Solved: ARC & LINE intersection

dmachuga · ‎10-28-2022

I am trying to make a function in AutoLISP that can find a point of intersection on a line and arc without having entity data.

How to find ARC & LINE intersection with the following data:
Line: Start point / End point
Arc: Center point / Radius / Angles

Any help would be appreciated.

Thank you, Dan

dbroad · ‎10-28-2022

Try a google search "arc line intersection". Should be easy to find an algorithm.

Architect, Registered NC, VA, SC, & GA.

Kent1Cooper · ‎10-28-2022

A start on an approach:

Red is the given stuff. Yellow is what needs to be calculated from red to find green. White is for illustration -- it does not need to be drawn to do this. If it were, you could use the VLA (intersectwith) method, and that is another approach -- just draw the Arc and Line from the information given. But assuming you don't want to do that:

B is (inters L1 L2 CTR (polar CTR (+ (angle L1 L2) (/ pi 2)) 1) nil)

[The 1 can be any number. B may or may not be on the Line. CTR to B is perpendicular to the Line.]

X is (distance CTR B)

Y is (sqrt (- (expt R 2) (expt X 2)))

C is (polar B (angle L1 L2) Y)

BUT L1 and L2 could be in the reverse direction, and the general configuration could vary in assorted ways, so it would need some checking of results --

Is X less than R? [If it's more, the Line can't intersect the Arc.]

Is C between L1 and L2? [Compare (angle)s or (distance)s between.]

Is C at an angle about CTR within the range from A1 to A2?

Is C in the opposite direction from B [use negative Y or add pi to the angle in calculating C]?

Are there two intersections?

Do you want an apparent intersection, beyond the end of one or the other or both, if that exists but there isn't an actual one?

Etc.

Kent Cooper, AIA

dmachuga · ‎10-28-2022

I am looking for the apparent intersection.

Kent1Cooper · ‎10-28-2022

@dmachuga wrote:

I am looking for the apparent intersection.
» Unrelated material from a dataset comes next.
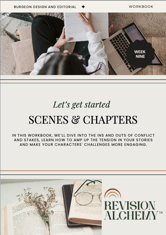Because you attended Golden May’s workshop, you’re getting a sneak peek at something special: a workbook from Revision Alchemy, my signature editing course that’s about to launch its newest iteration. This excerpt—focused on scenes and chapters—is one of my favorite parts of the course. It dives deep into conflict, tension, and stakes, helping you sharpen your storytelling where it matters most. I’m thrilled to share this with you, and I hope it supports your revision journey with clarity, momentum, and a renewed sense of creative power.

Then you don't need the Arc's start and end angles A1 & A2. There will be: no intersection if the Line bypasses the Arc [X is greater than R], one if the Line is tangent to the Arc [X = R, Y = 0], or always two otherwise [use both positive & negative Y, or both opposite angles, in calculating two C locations].

Kent Cooper, AIA

Sea-Haven · ‎10-28-2022

Why not use,

(setq intpt1 (vlax-invoke obj2 'intersectWith obj1 acExtendnone))

But you will need to draw the arc and line, they become the VL objects obj1 and obj2.

Be careful if say line passes through arc twice the 2 points will be returned using above. There are also other tests like acExtendThisEntity 4 in total helping to solve the "Apparent intersection"

You just draw them calc then delete you will be lucky to see the flash as the objects are drawn and erased. This method has worked succesfully on random objects. 2 lines plines and so on.

dmachuga · ‎10-29-2022

Thank you Kent1Cooper, That is what I was looking for.

dmachuga · ‎02-20-2023

Here is the ARC & LINE.

Kent1Cooper · ‎02-20-2023

@dmachuga wrote:

Here is the ARC & LINE.

[For those who are wondering, @dmachuga sent me a private message asking whether the virtual intersection could be calculated for two Arcs if their centers and radii and start/end angles are known, expecting some similarly-(inters)-related solution to the above about a Line & and an Arc. I asked them to remind me what the Line-&-Arc approach was, so they revived this Topic.]

I suspect it's not going to involve (inters), but here's the beginning of a solution:

A (polar) function based around A, with Ang added to the direction from A to B, and the b length, would give the location of C.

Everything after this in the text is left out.